As Trump has talked about implementing mass deportations, McCarthy said the National Immigrant Justice Center has been trying to think about how it will reach people detained in remote jails or in large-scale facilities outside of Illinois.
“All people have rights, regardless of their immigration status,” she said. “And we need to make sure those individuals in these remote jails have access to lawyers to ensure that these rights are upheld. So, that’s going to be really critical.”
Educating immigrant communities
The North Suburban Legal Aid Clinic, based in Highland Park, has also seen an increase in phone calls and in-person visits about potential mass deportations, said Lia Kim-Yi, the clinic’s director of immigration law.
“There’s a fine line between educating the population and creating fear, and we don’t want to create fear,” Kim-Yi said. “So we believe that education is empowering, so that’s why we’re doing so many ‘know your rights’ presentations.”
The clinic is creating a safety planning checklist to gather important documents for clients, she said. They are also helping undocumented parents learn how to establish short-term guardianship in case they are detained. Attorneys are also filing Freedom of Information Act requests for clients to verify their full immigration history.
“We’re just preparing my staff to know that we are going to be extra cautious with the filings we submit to immigration, make sure the clients are safe, they’re fully informed of their legal rights and any possible consequences that could happen if their cases are denied for whatever reason,” Kim-Yi said.
Those serving immigrants say they are using the next couple of weeks to file immigrant applications if the person is eligible for relief before changes are implemented. Kathleen Vannucci, a Chicago immigration attorney, said she recently filed two cases for people who were eligible for relief but who hadn’t sought to adjust their status because of how much it cost. In those cases, a donor covered the attorney and government fees to file the cases.
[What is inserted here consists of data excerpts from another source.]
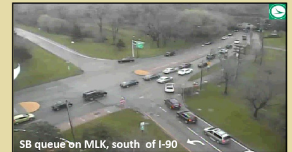
SB queue on MLK, south of I-90
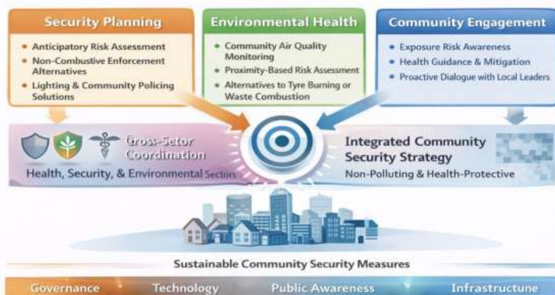
Figure 3: Integrated policy framework for managing community security without compromising indoor air quality
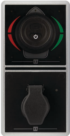
XTASF2P + DBPPJA + MPA1KB
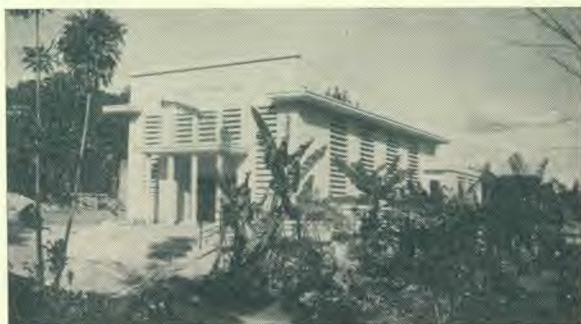
THE OVERFLOW Builds New Churches.

"If you are unwilling to sacrifice that you may save means for the work that is to be done, there will be no room for you in the kingdom of God."—Testimonies, vol. 9, p. 103.
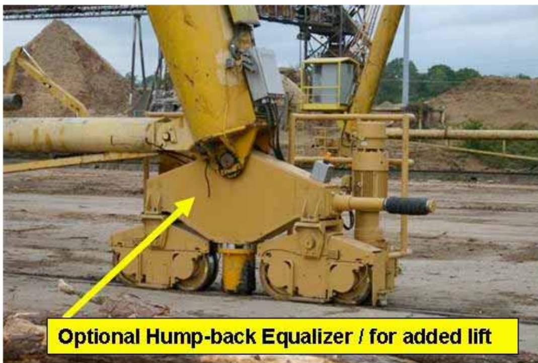
Optional Hump-back Equalizer / for added lift

TECHNICAL DATA SHEET SWIVEL EQUALIZER CONVERSION PORTAL CRANE
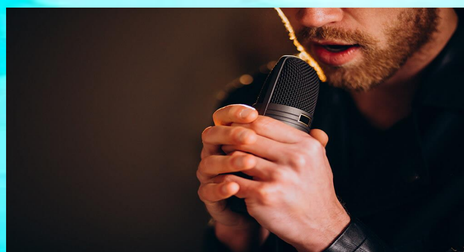
9.- I can sing
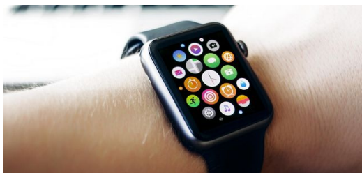
Smart watches are another intelligent companion.

Not only does this new cutting technique give manufacturers the opportunity to dispense with expensive intermediate steps in today's industrial display screen manufacturing processes. It also allows the process to be reorganized. Because the laser cuts hardened glass quickly and without touch-up work, the future could see processing steps such as hardening, coating and structuring being carried out at a greater scale, on large panels. Lasers could then cut the large panel into smaller sections at the very end of the process.
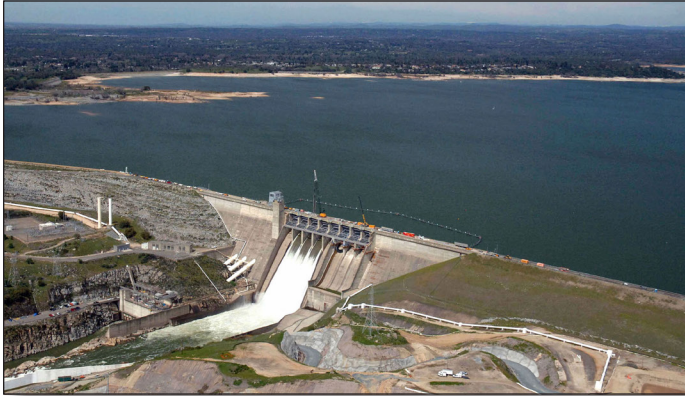
Folsom Lake - July 20, 2011

Defined as a deficiency in precipitation, drought impacts the same sectors of society that rely on the hydrological cycle, including agriculture, health, and our supplies of energy and drinking water. Drought can occur in all climate zones and last from months to years. For example, the 2011-2017 California drought caused billions of dollars in damage, largely due to agricultural losses and efforts employed to combat the event. Because of the interplay between physical changes, such as lake levels and soil moisture, and human factors, such as transportation and impacts to our food supply chain, droughts are complex events that can have widespread impacts.
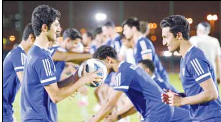
Kuwait U-23 players work out as part of their preparations for the qualifiers.
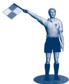
Throw-in for attacker
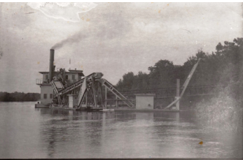
Dredge on the Fox River

“It’s so emotional to see people that want to do something and feel like they’re helping their family friends,” she said. “It’s like, OK, we’re going to be able to do this.”
But for other clients, including some who have been in the country since the 1970s, there’s no avenue to adjust their immigration status, she said. Vannucci said she talks to clients about possible defenses if the person is ever picked up by immigration authorities.
For now, Vannucci said she is bracing herself for the emotional toll her work will take responding to the unexpected changes to immigration laws and policies.
“I was at the airport right after the Muslim ban announcement. And did I ever think that was going to happen and that they weren’t going to let permanent residents in at the airport?” Vannucci said. “Absolutely not. ... Expect the unexpected and be ready for the fight.”
Resources
Experts recommend reviewing an immigration case with a licensed attorney or accredited nonprofit to avoid falling for scams. The American Immigration Lawyers Association can be reached at 1-800-954-0254, and a list of organizations across the state can be found at ilaccesstojustice.com/get-help.
The Illinois Coalition for Immigrant and Refugee Rights operates an emergency support hot line, 1-855-435-7693
Family members can locate where a person is detained by federal immigration officials by searching at locator.ice.gov/odls/#/search.